Our service error email alerts are turned on, but the scale of our operation is much smaller than yours and it hasn’t caused us a problem (yet). Perhaps this KB from Advantage about event handlers and subscribing to events would be of interest to you: [url]https://advantage.webmethods.com/advantage?targChanId=kb_home&oid=1612242885[/url]

HTH,

Tim

Thanks for the quick replies. I am leary of disabling the emails because there could be valid error items coming through. Perhaps the best thing to do is to use the event manager described in the KB above. Then we can programatically filter out the ones that we don’t want to report on before sending out emails with the smtp service. Once we have that set up, we can disable the automated error emails relying upon our error handling service to filter things appropriately.

You can do some steps to reduce email notifications:

  1. Mechanism to send one error mail if same error occurs multiple times in a span of say 5 mins
  2. Count of errors which are unknown can be put in db and can be given a unique number (say "Adapter error ADAX.X.X occurs everytime you do some opertation, give an ID to this error and update count)
  3. After a period of time (say 3 months), review unknown erros which have high count and if there is a solution then move those errors to known error list and attach a solution to be send with error mail

Hope this helps.

Regards,
Sumit

adkinsjd,

My one-cent contribution: does your getLastError`s output has a “pipeline” in its output? This pipeline usually contains the context pipeline at the moment the error was thrown. You may have some insight from there.

Another dime here: regarding the exit flow: you can use a java service to throw a ServiceException (with a custom message) in any place to take a snapshot of the pipeline’s contents. And this can give you a further insight of how to handle the errors.

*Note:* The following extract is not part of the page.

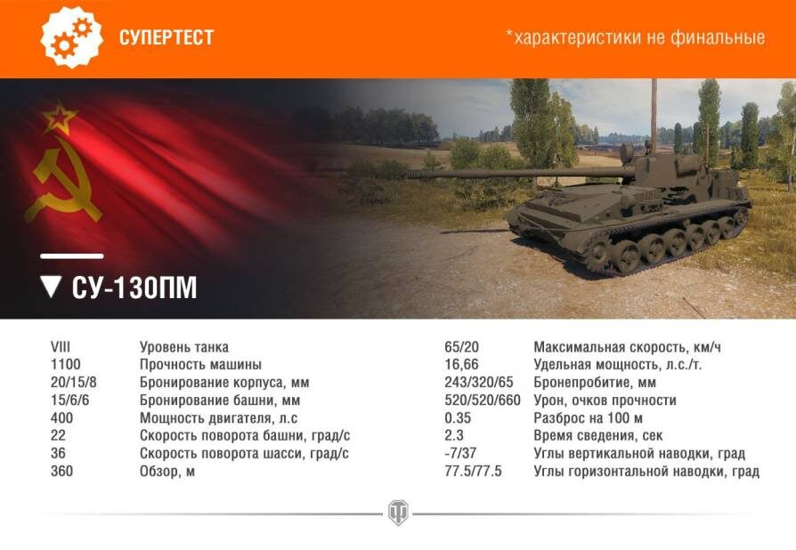 На супертесте появилась новая советская ПТ-САУ VIII премиум класса и уровня СУ-130ПМ. Танк вполне реален и имеет прототип, который можно найти в музее Кубинки. Игровая версия боевой техники СУ-130ПМ в игре имеет единственное отличие от реального танка — ее орудие имеет калибр 130 мм, благодаря чему оно мощнее, чем у реального танка. Благодаря маневренности Вы сможете без проблем изменить направление и позицию для стрельбы. Крайний показатель скорости машины — 65 км в час. Однако плохая проходимость может сыграть злую шутку, так как машина до максимума будет разгоняться лишь на хорошей дороге, но и в этом случае потребуется некоторое время. Крейсерская скорость движения составляет близко 45−55 км в час. Маскировка поможет выжить в схватке, также окажет помощь мобильность, если ее правильно использовать. Возникает вопрос, не лишенный логики — в чем заключается подвох? В том, что у танка очень низкая бронезащита (фугасы будут "заходить" нанося колоссальный урон) и всего 1100 единиц

Another cent makes three: you are in danger of loosing performance by making uber-complex services. I have yet to run into an exception that was not caught by the basic try-catch flow and for which the pub.flow:getLastError could not return me sufficient information. As redbrick mentioned, the pipeline variable in the lastError data but also the nestedError structure should provide all you would need.

Do you have any specific exceptions you have found not to be handled by the basic try-catch? Can you post an example?

Chris

Any good place where error handling is documented?